Complete fasting produces the largest possible calorie deficit of any diet. Long-term fasting, however, introduces multiple health risks which can lead to death. Even if major health problems are avoided, a complete fast results in the loss of muscle, organs, and other lean body tissue, while most dieters are only attempting to lose excess fat. This muscle-wasting effect is a natural consequence of a diet deficient in both calories and in protein.
A Protein-Sparing Modified Fast attempts to spare the dieter the health risks of a complete fast by introducing the minimum amount of protein necessary to prevent muscle-wasting effects, while still eliminating fats and carbohydrates. Protein beyond this minimum amount is also eliminated, as the body would use it for energy.
Any calorie-free fluids are permitted, including water, coffee, tea, and diet drinks.
The amount of protein consumed varies by individual. It is generally calculated based on lean body weight and adjusted based on activity level, but generally results in a net daily intake of well under 1000 calories.
In addition to lean protein, people on a PSMF consume supplements to avoid the nutritional deficiencies inherent in such an extreme and low-calorie diet. These include essential fatty acid supplements, vitamins, and minerals. A general multivitamin supplement, designed to augment a healthy diet, is inadequate - for example, someone on a PSMF needs significant amounts of minerals such as sodium and potassium, which would otherwise be supplied in the diet.
A long-term PSMF diet undertaken carelessly and without the care of a physician may lead to serious health risks.

PSMF is a rapid fat loss protocol. In one study given over a six-week period, 15 obese patients were found to have lost 31.8 lb (14.4 kg) of body fat on average, while maintaining lean body mass.[4]  "

SO Yes, I am in taking very few calories. I average 600-900 depending on what I eat. Yes, it can be dangerous if you're not under the guidance of a doctor. 
You have to remember that I am strictly monitored and on supplements as well.   

Is the diet working for me? 
Did my weigh in for the Biggest Loser contest on Tuesday.   I lost 12 lbs in a week.  Since I log my weight daily, I can verify that I still continue to lose.

So there, you have more info on the PSMF.   I hope now that you understand more, we can move on :)

Until next time......

additional info:  http://my.clevelandclinic.org/disorders/obesity/hic_psmf_diet_program.aspx



Monday, May 5, 2014

Knee

So, remember me mentioning the Biggest Loser work out? So my knee was swollen and hurt the first few days after.

The walk we took? I didn't mention 1) it was harder than it use to be as I was in pain and 2) I was out of practice not having walked it all winter.  My knee still aches.

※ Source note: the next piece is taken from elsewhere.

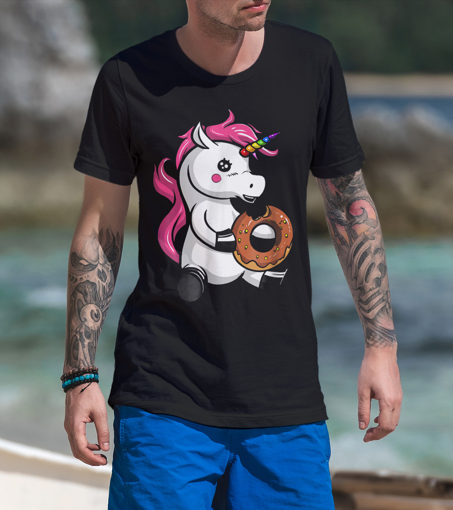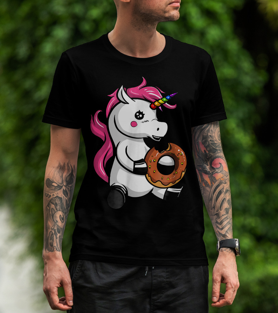Magical Unicorn With Rainbow Horn Enjoying Chocolate Donut T-Shirt
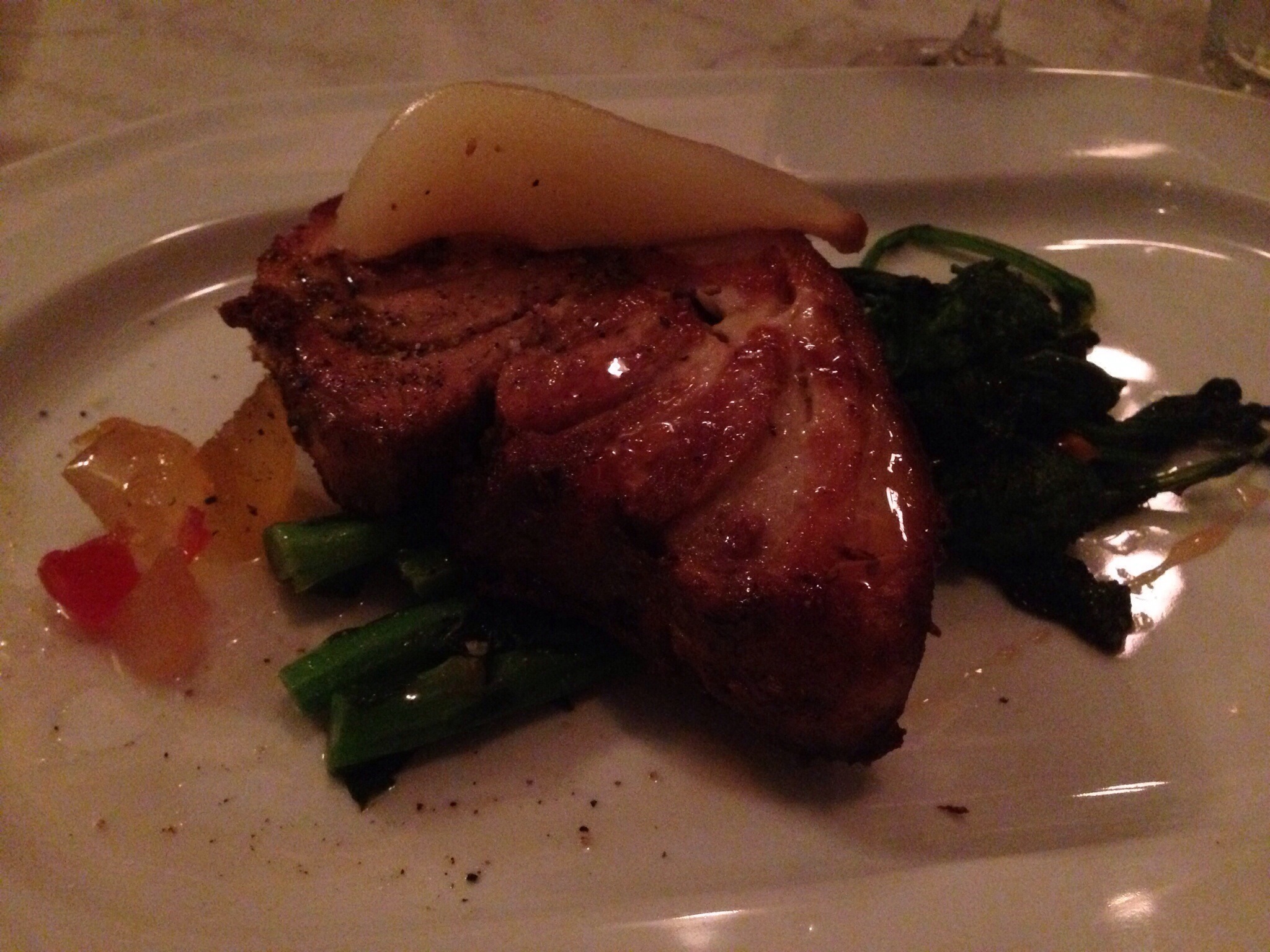 For the next course, I went with Nonno’s porchetta roast served with a vanilla pear, pan seared rapini and some candied fruits. This was an amazing roast – deliciously rich and fatty pork meat with crispy skin. The skin wasn’t the crispest I’ve ever had but still wonderful. The inclusion of the vanilla pear and the candied fruits provided some sweetness to balance with the inherent saltiness and fattiness of the roast itself. I love porchetta and Impasto’s take just reinforced my love.

I'm not happy about that.  I do not need to be out of commission!

Grrrr

Sunday, May 4, 2014

7 days in

And I'm getting sick of the smell of coconut extract.

This week has been challenging.  I've been hungry but have ultimately made it through.
I also visited my bmi doctor.  

Good Things:
Blood pressure was excellent.   I'm losing weight again.  I'm about 5 pounds away from the original 52 llost. My ketones  are going up.  I'm finding ways to enjoy my meals.

One failure,  I tried adding coconut extract to my cottage cheese.  1) I over did it and it was awful.  I need to figure out how much to add to a 1/4 cup and not feel like my mouth is melting.  2)I accidentally spoiled the bottle of extract all over the counter.  So the kitchen and me smell of coconut.   Too much of it.

I think the closer I am to going into ketosis, the less the hunger pains appear. 

I am quite thirsty most of the time, but I was told that could happen.

Things are slowly getting better.

I'll keep you updated as always.



Thursday, May 1, 2014

Day 4

Hello. Let's Get right to it.
This AM. I haven't lost any more weight. Ketones are still present, but nothing more than yesterday.

Hunger is still present, but not as severe.

Today I worked out for the biggest loser. 0h Dead lord, it was awful. I'm definitely not in shape. Not at all.

My bronchitis seems to be finely going away. I'm hoping to Walk the dogs again,.